President Barack Obama's deputy press secretary, Josh Earnest, said over the weekend the following when referencing Congress in 2012: The president is no longer tied to Washington.
This reminds me of the familiar children's scene where you have two children playing in a sandbox and one of the children says they are taking their ball and going home! Only the sandbox is our legislative and executive branch of our federal government and the child throwing the tantrum is President Obama.
Our president thinks he can score political points with the electorate by ignoring or trashing Congress. After all, Congress's approval rating has hit an all-time low according to the latest Rasmussen Reports' national phone poll.
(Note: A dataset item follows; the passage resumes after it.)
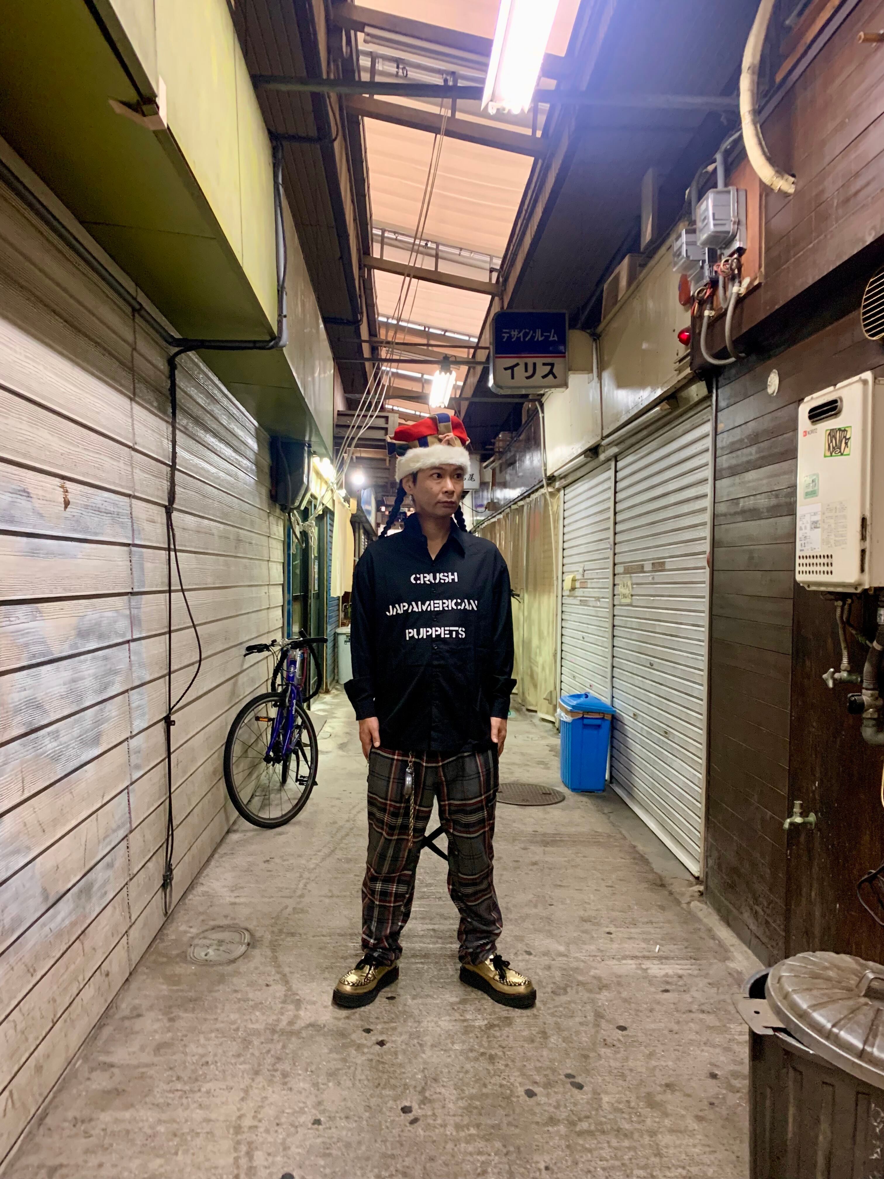 フロントには彼が掲げる「傀儡粉砕」の標語を英訳したものをプリントし、バックには2025年8月31日に開催されたUTEROZZZAAA 20周年記念式典「世界妄想博覧会」でのライブ風景をプリントしました。

They polled 1,000 likely voters on Dec. 27-28 and found that only 5 percent of them thought Congress was doing a good or excellent job.
Assuming Josh Earnest is correct and the president does plan on ignoring Congress for the second session of the 112th Congress, this won't be as easy as it sounds. You see, the president will be addressing Congress in the annual State of the Union address on Tuesday, Jan. 24. This is where he will come to the hall of the House of Representatives and speak to both the full Senate and House as well as the nation as a whole.
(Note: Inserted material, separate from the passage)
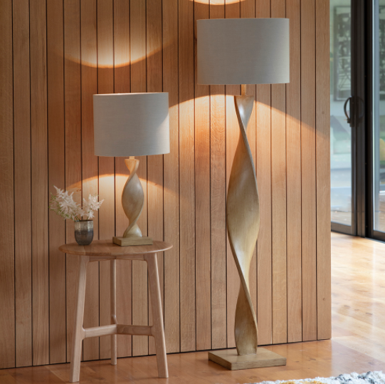 The Alba is a beautiful set of table and floor lamp, in a stunning polished oak, and natural linen shade. Perfect for the home that love a luxury reclaimed vibe.
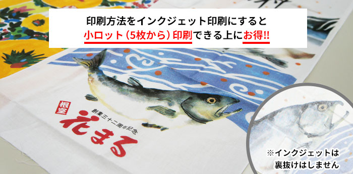・30枚以上から注文可能な「伝統的な染色技法(反応染め・注染)」。風合いに優れた本格仕様です。

His nationally televised State of the Union address is predictably going to be full of positive indicators that our country is now heading on the right track. In order for him to make these statements, he will need to acknowledge Congress and give them some credit for passing his various proposals and ideas that brought this country out of the economic abyss.
However, if Mr. Earnest is correct and the president is planning on dissing Congress, giving Congress any credit or kudos will be difficult. If the president doesn't plan on making a statement about the uptick in our economy, then his supporters and advisers will presumably have a meltdown for missing the opportunity in this nationally televised address.
After the State of the Union address, the president will be faced with having to deal with the expiration of the Federal Aviation Administration. This is the agency that has been operating under 22 temporary stopgap funding bills since their yearlong authorization expired in 2007. The current funding bill expires Jan. 31. The last time it expired was last August when the agency endured a partial shutdown, which caused a slowdown in construction projects, the furloughing of 4,000 employees, as well as a temporary expiration of aviation taxes.
The Airport and Airway Trust Fund lost about $350 million over that period of time.Senate members had to reconvene their chamber after they had adjourned for the traditional August break to pass a quick legislative funding bill. At issue is an Obama administration-orchestrated national mediation board ruling that changed how airline industry union elections are calculated, thus allowing unions to organize the airlines.
This writer would guess that the unions will want the president to uphold the new ruling and therefore fight for it in the reauthorization bill that will expire a week after the State of the Union address. How can he fight for provisions in a bill if he is ignoring Congress?
Then there is the matter of the president's budget submission. By Feb. 6, the president will have to submit his budget to Congress. This is required under the Budget and Accounting Act of 1921 and it specifies that the president submit a budget no later than the first Monday in February. The budget of the United States government is the president's proposal to the Congress and it recommends funding levels for the next fiscal year, which begins Oct. 1.
Usually, the congressional leaders from the president's party will tout the president's budget and use his budget priorities as an outline for their legislative agenda for the current session of Congress. This tradition could be hampered or crimped a bit if the president does, in fact, start to diss Congress.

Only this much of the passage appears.